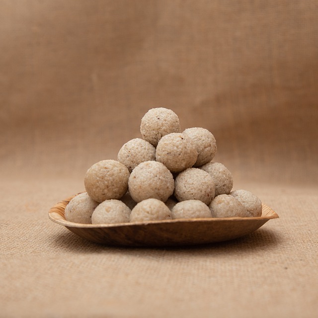 थाली पर चिकनाई लगाकर मिश्रण को फैला लें और जमने पर बर्फी के आकार की काट लें या छोटे–छोटे लड्डू बना कर रख लें।
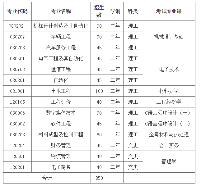 2021年兰州工业学院专升本招生专业分别为机械设计制造及其自动化、车辆工程、汽车服务工程、电气工程及其自动化、通信工程、自动化、土木工程、工程造价、数字媒体技术、软件工程、材料成型及控制工程、财务管理、物流管理、电子商务。
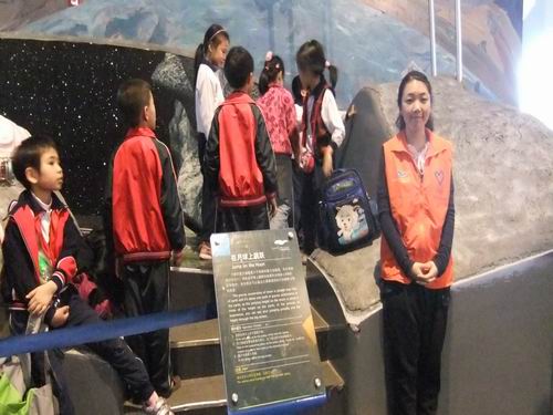在场馆里,大多时间里我们的工作都是在当临时摄影师为小朋友拍照,为他们解释设施的用法和为他们指路。其他时间我们一般是在馆内流动站岗,看哪里的游客需要我们的帮忙及指引就上前为其服务。工作简单而有些乏味,但我们几个站岗的志愿者却始终热情不减,总是面带微笑、耐心地为小朋友及其他游客进行讲解、指引等重复的工作。这也许就是所谓的志愿精神吧!在帮助他人的同时,我们的内心也获得了极大的满足感,我想这也是我们社工助人自助宗旨的一种体现。
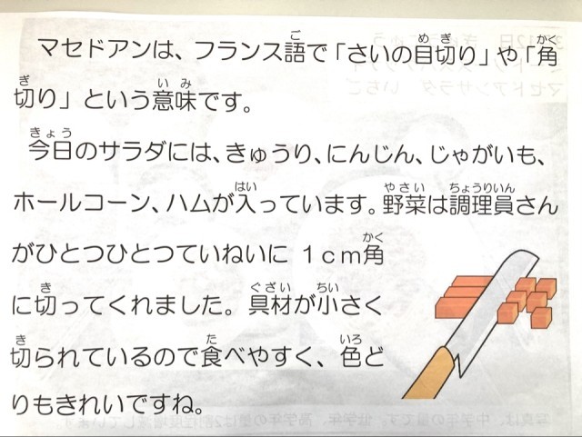 今日は、ミートソーススパゲッティ、マセドアンサラダ、果物(いちご)、牛乳です。
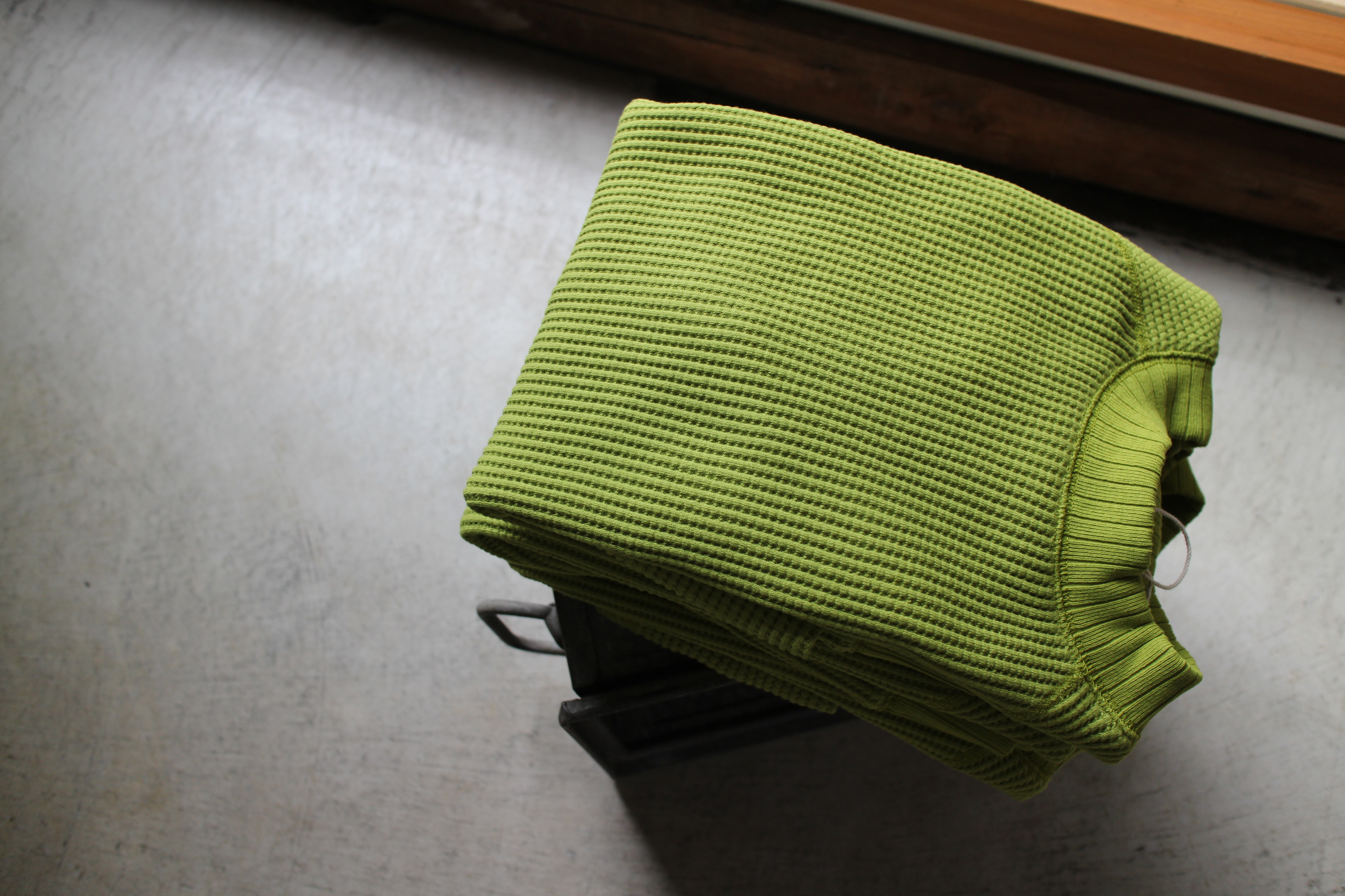 The Midneck shirt uses waffle fabric with highly-raised ridges, made by knitting (paralleled) 19//1 Raffy cotton yarn with a double jacquard machine. Raffy is a recycled yarn made from cotton waste, and its distinctive unevenness gives it a classical look. Additionally, in order to prevent distortion and shrinkage due to wear and washing, the fabric is unrolled and allowed to fully relax before being cut and sewn. The main parts are sewn together using flat seams, ensuring that the material lies flat when the shirt is worn and places minimal stress on the wearer’s skin. For the neckline, cuffs, and hem, a stiffer, yet lightweight drop-stitch rib knit was sewn with a triple needle stitch to prevent stretching during washing and wearing. The comfort of 100% cotton and the plush, thick construction give this piece a simple yet unique look. The new “lime” color was inspired by the lime slices that spectators drop into their beer during games.
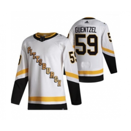 Men's Pittsburgh Penguins #59 Jake Guentzel White 2020-21 Reverse Retro Alternate Hockey Jersey
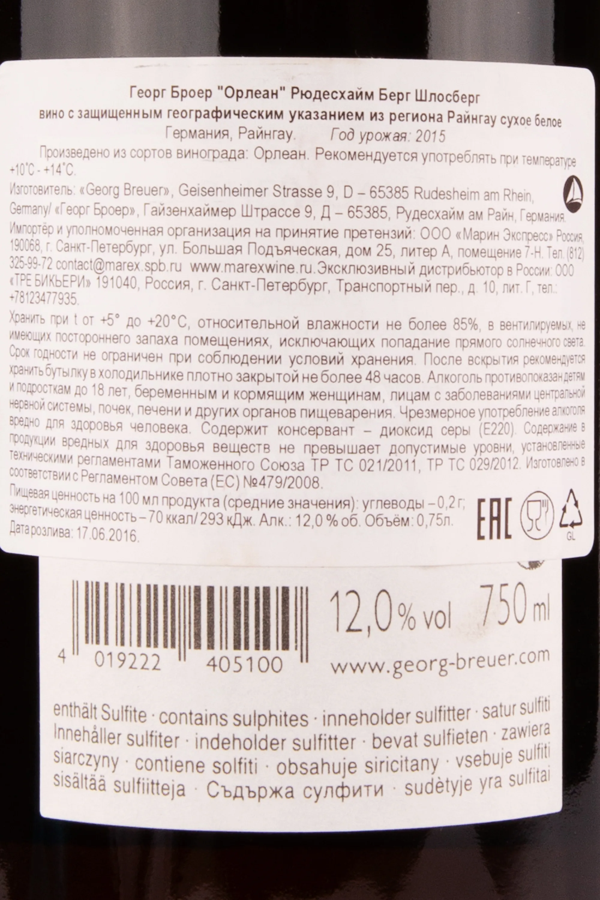 Вино Georg Breuer Orleans Rudesheimer 2015 0.75 л — исключительный образец немецкого виноделия с берегов Рейна, созданный на семейной винодельне Georg Breuer, расположенной в регионе Рюдесхайм. Особенность напитка заключается в использовании редкого сорта Орлеан, возрождённого виноделами хозяйства по традиционной технологии, которая предполагает ферментацию и выдержку на натуральных дрожжах в больших дубовых бочках. Виноград собирают вручную с виноградников на крутых склонах с каменистыми сланцевыми почвами, которые дарят напитку уникальную минеральность, выразительный характер и отличительную структуру.

---+---

Nothing but the lines above from the line with "今日は、ミートソーススパゲッティ、マセドアンサラダ、果物(いちご)、牛乳です。" up to and including the line with "The Midneck shirt" should be returned, exactly as written and without pictures.

Answer area
 今日は、ミートソーススパゲッティ、マセドアンサラダ、果物(いちご)、牛乳です。
 The Midneck shirt uses waffle fabric with highly-raised ridges, made by knitting (paralleled) 19//1 Raffy cotton yarn with a double jacquard machine. Raffy is a recycled yarn made from cotton waste, and its distinctive unevenness gives it a classical look. Additionally, in order to prevent distortion and shrinkage due to wear and washing, the fabric is unrolled and allowed to fully relax before being cut and sewn. The main parts are sewn together using flat seams, ensuring that the material lies flat when the shirt is worn and places minimal stress on the wearer’s skin. For the neckline, cuffs, and hem, a stiffer, yet lightweight drop-stitch rib knit was sewn with a triple needle stitch to prevent stretching during washing and wearing. The comfort of 100% cotton and the plush, thick construction give this piece a simple yet unique look. The new “lime” color was inspired by the lime slices that spectators drop into their beer during games.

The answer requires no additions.